OPINIÓN
Por Carlos A. Solero*
Si de algo estamos convencidos es que el capitalismo es un sistema predador de la vida en todas sus expresiones.
Está en la esencia capitalista arrasar con la naturaleza a la que considera como un potencial recurso de los procesos productivos. El desarrollo de las fuerzas productivas implica avanzar como sea, aniquilando lo que oponga, sean vegetales, minerales, vidas animales o humanas.
El extractivismo minero, petrolero y de los agronegocios es un ejemplo palmario de lo que señalamos.
En Argentina y en Latinoamérica, más allá de las etiquetas gubernamentales, se impone ese modelo, que obedece al patrón de acumulación capitalista.
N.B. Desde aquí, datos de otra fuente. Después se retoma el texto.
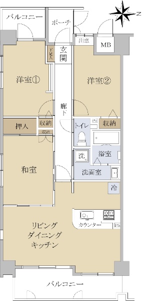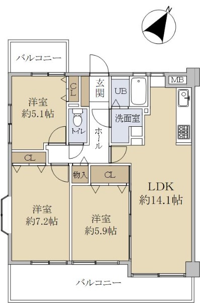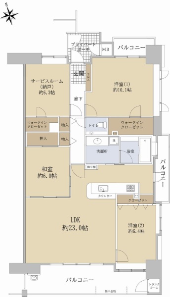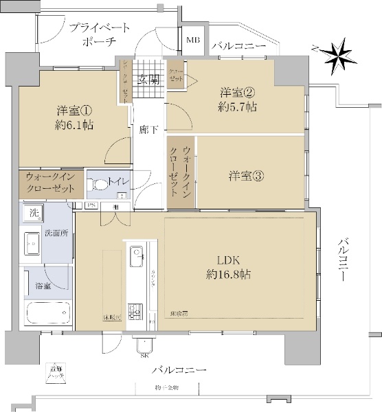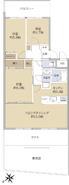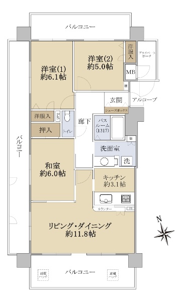 上幟町に存する113.19u(壁芯)の角住戸!収納豊富な3SLDK!
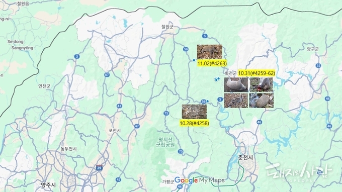 앞서 지난 28일 강원도 춘천(관련 기사)에서 1마리(#4258)에 이어 31일 화천(관련 기사)에서 4마리(#4259-62)가 확인된 바 있습니다. 대부분 죽은 상태로 발견되었으나 화천 1마리(#4262)는 살아있는 상태로 총기포획되었습니다. 이들 멧돼지 발견지점과의 거리는 최대 15km 내입니다.

En Bolivia es el litio y el gas; en Argentina y Brasil la sojización acelerada; en Venezuela el petróleo y en los países centro americanos la continuidad de las multinacionales frutícolas.
Todo esto implica el desplazamiento de poblaciones que los poderosos consideran un “obstáculo”. La represión de vecinos autoconvocados en asambleas que luchan por la defensa del agua o por la tierra y contra el capital es parte del plan hiperdesarrollista.
Recordemos los ataques a indígenas del Chaco y Formosa para ampliar la “frontera de la soja”, la represión a vecinos en Jáchal (San Juan) que luchan contra la contaminación de los ríos. Las incursiones en la Patagonia contra comunidades que resisten a la explotación de Vaca Muerta.
En el presente, en la provincia de Chubut, el gobernador Marino Arcioni se jacta de la declaración de zona minera al territorio que abarca desde la Cordillera de Los Andes hasta el Océano Atlántico.
La incompatibilidad entre el sistema capitalista y la preservación de la vida es clara y evidente.
Los desafíos están planteados. Hay que pasar a la acción autónoma y resistente.
* Profesor de Sociología de la Universidad Nacional de Rosario. Miembro de la Biblioteca y Archivo Histórico Social Alberto Ghiraldo.